In everyday usage, comfort means: ease, relaxation, maybe a little luxury. To comfort a person means to make them feel better. In its shallower sense, comfort (the verb) means, basically, to make comfortable, to make relaxed and easy. The Bible never once uses comfort in this sense, or even considers this idea as a valid one: more often than not, it views an easy lifestyle as an enemy. God is, in fact, not concerned in the least with our “comfort” in this sense. He has far bigger things in store for us.
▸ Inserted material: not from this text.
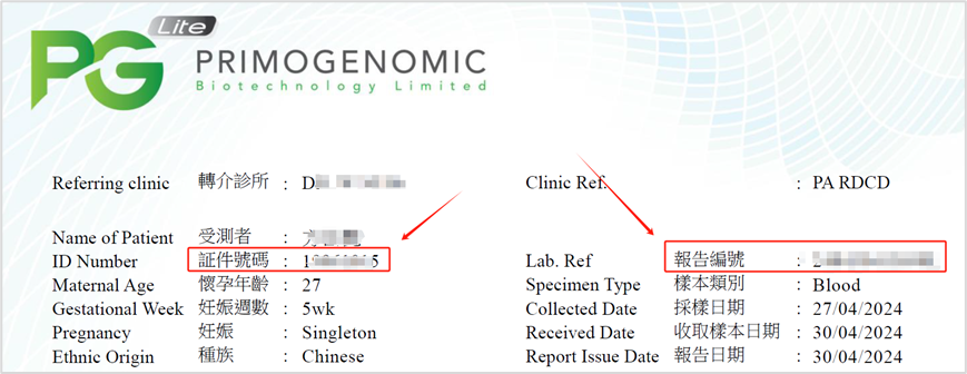 3、输入(1)报告编码 注:查看您的检测报告(2)证件号码:查看您的报告。如果您没有提供有效证件号码,那么证件号码就是孕妈妈出生日期
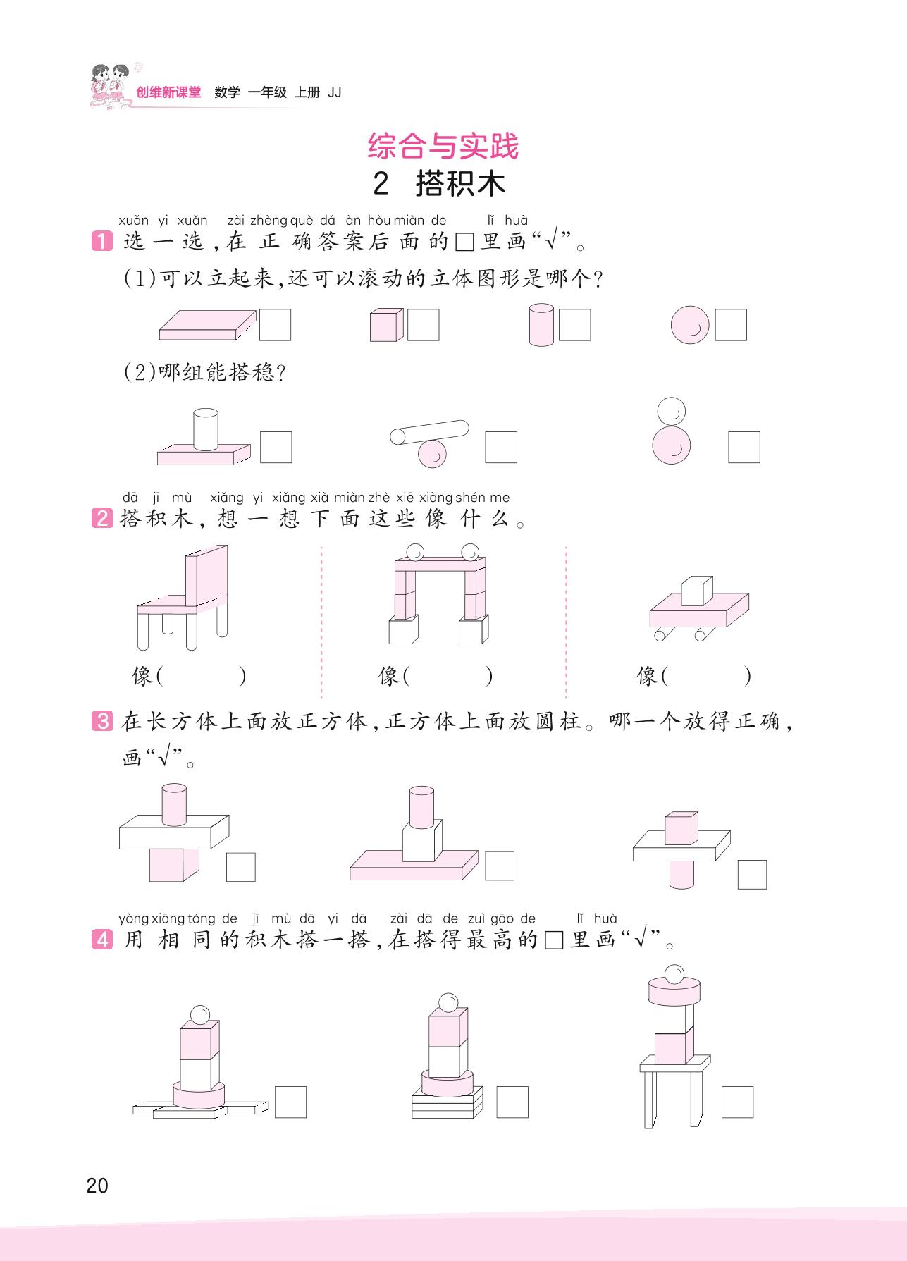 2023上册一年级数学冀教版 三 认识图形(一)——2 搭积木

The Bible sense of the word is that of giving strength, compassion, and rest. It is related to the ideas of “building  up” (i.e., edification) and encouragement (see 1 Corinthians 14:3) and essentially means to “come alongside.” To “come alongside” means to walk the same path, to come under the same load, to be a friend that is relied on. David said, “Even though I walk through the valley of the shadow of death, I will fear no evil, for you are with me; your rod and your staff, they comfort me” (Psalm 23:4). Clearly nothing is comfortable about the “valley of the shadow of death.” But David is not afraid, and does not stumble or stray, because of the comfort that God’s presence and guidance bring. The comfort of God makes David strong.

Consider this: the Holy Spirit himself is named “the Comforter.” Jesus said to his disciples shortly before his crucifixion, in John 14:16, “And I will pray the Father, and he shall give you another Comforter, that he may abide with you for ever” (KJV). The word “comforter” here is deep and wide in meaning and is translated several ways: Helper (ESV), Counselor (RSV), Advocate (NIV), Friend (NIRV). He is the coming alongside-er. He befriends us, comes under our loads, teaches us, and guides us. We depend on him, learn from him, cast our cares on him, and seek his direction and help. “Walking with” the Holy Spirit, the Comforter, is what makes the believer strong, and unafraid, in this treacherous life.

Paul also speaks of God’s comfort in 2 Corinthians 1:3-5. He says,

Blessed be the God and Father of our Lord Jesus Christ, the Father of mercies and God of all comfort, who comforts us in all our affliction, so that we may be able to comfort those who are in any affliction, with the comfort with which we ourselves are comforted by God. For as we share abundantly in Christ’s sufferings, so through Christ we share abundantly in comfort too.
God’s comfort is less like a pat on the back and more like an arm under our shoulders. In our suffering, he does not often make us comfortable, but he does come close beside us and give us mercy. One of his purposes in our pain is that we will know his comfort deeply, for ourselves. Then, we can do the same for other people: come near to them in their troubles, be someone they can lean on, their advocate. That is what God does for us. It’s what he calls us to do for others.